Un autre élément concourant à l’introduction de la question des âges dans les Centres Sociaux est la question de l’intergénérationnalité de leurs actions.

La circulaire CNAF de 1984 relative aux orientations des Centres Sociaux les définit comme « un équipement à vocation familiale et pluri-générationnelle » accordant une place aux personnes retraitées au sein de l’action sociale familiale. L’agrément CAF formule cette volonté d’inscrire l’animation sociale dans des démarches d’animation locale.

Dans ce cadre, il s’agit, pour l’intervention auprès des publics retraités, de promouvoir une vie sociale « active, relationnelle et d’utilité sociale, puis des relations positives entre générations » (Colombani 2012). Malgré une orientation « famille » marquée, cette circulaire conduit les Centres Sociaux à adopter une démarche d’ouverture à toutes les générations. Elle leur confère un rôle de mise en relation de ces générations, allant au-delà de la simple mise en présence de générations différentes pour faire du lien entre les générations (voir partie II chapitre 6 – 2.3).

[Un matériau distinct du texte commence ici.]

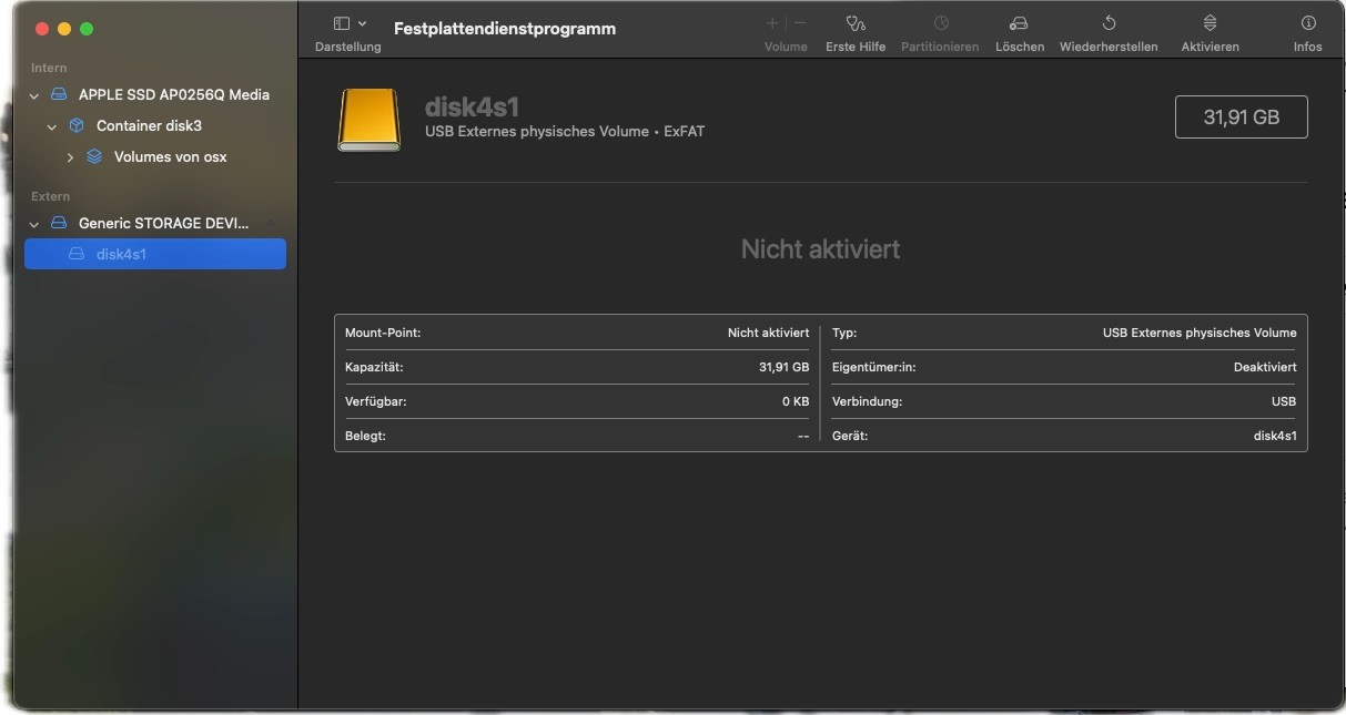 Die Speicherkarte wird im Finder nicht angezeigt, im Festplattendienstprogramm aber schon. Dort wird die Karte als "Nicht Aktiv" angezeigt. Eine Aktivierung ist nicht möglich, Wiederherstellen bringt auch nichts.

Poursuivant leur ambition de « mieux vivre ensemble », les Centres Sociaux cherchent à mélanger les générations dans des activités communes. L’action n’est donc plus uniquement une transversalité des publics et des interventions (dimension illustrée par la dimension globale de l’animation), mais aussi de l’âge de ses publics, l’ouvrant aux personnes de plus de 60 ans.

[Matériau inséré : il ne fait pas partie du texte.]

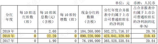 对比来看,2018年的两次分红金额共计8.90亿元,而当年全年的归母净利润只有4.23亿元,分红规模占归母净利润的比重高达2.10倍。

Cette dimension est particulièrement mise en avant dans les années 90. Dans un contexte d’investissement important des Centres Sociaux dans des dispositifs de politiques publiques, qui développent une intervention sectorisée et spécialisée sur certains publics, l’argument de la transversalité devient un élément majeur du discours des Centres Sociaux sur leurs pratiques. Le discours sur la transversalité vient se superposer à des pratiques des publics dans les financements (voir partie I chapitre 1 – 1.1.3).

La transversalité intergénérationnelle des publics est présente tout en s’inscrivant dans une intervention sectorisée, centrée sur l’enfance ou la jeunesse. C’est ce qu’illustrent les exemples de fiches « action » issues de projets sociaux présentés dans la figure 23. Les deux actions ont pour ambition d’être intergénérationnelles et les deux ont pour public cible principal les jeunes. Le ciblage particulier de cette tranche d’âge pose d’autant plus question dans le cas de la première action qui repose sur le constat de l’importance de la population de plus de 60 ans sur le territoire.

Figure 23 : Exemples de fiche action intergénérationnelle

Sources : Espace Grain de Sel (2016); Centre Lavallois d’éducation populaire (2015)

Il faut prendre la présentation de cette action dans le contexte du Centre Social et de ces ambitions. Dans ce projet social, la dimension intergénérationnelle est traitée avec la dimension familiale dans un point nommé « Agir pour rapprocher les générations et positionner l’espace grain de sel comme un lieu

ressource pour les familles » (Espace Grain de Sel 2016, p.39). Le projet social associe clairement la dimension intergénérationnelle de l’action avec la fonction familiale. Plus encore, le développement de l’action intergénérationnel a pour but l’obtention de l’agrément collectif famille auprès de la CAF.

« Le Centre Social souhaite poursuivre en ce sens plus que jamais en donnant à ces échanges, une dimension intergénérationnelle. Il marque également sa volonté de s’ouvrir réellement aux familles en formulant pour la première fois, dans le présent projet, une demande d’agrément Animation collective Familles. » (ibid.p.39)

Le lien entre « intergénérationnel » et famille se présente de manière similaire pour la seconde fiche action où l’un des constats est l’adhésion familiale au sein du Centre Social. Dans les deux cas, la dimension intergénérationnelle des actions, la transversalité des publics, est présentée au sein de grille d’intervention sur un public sectorisé.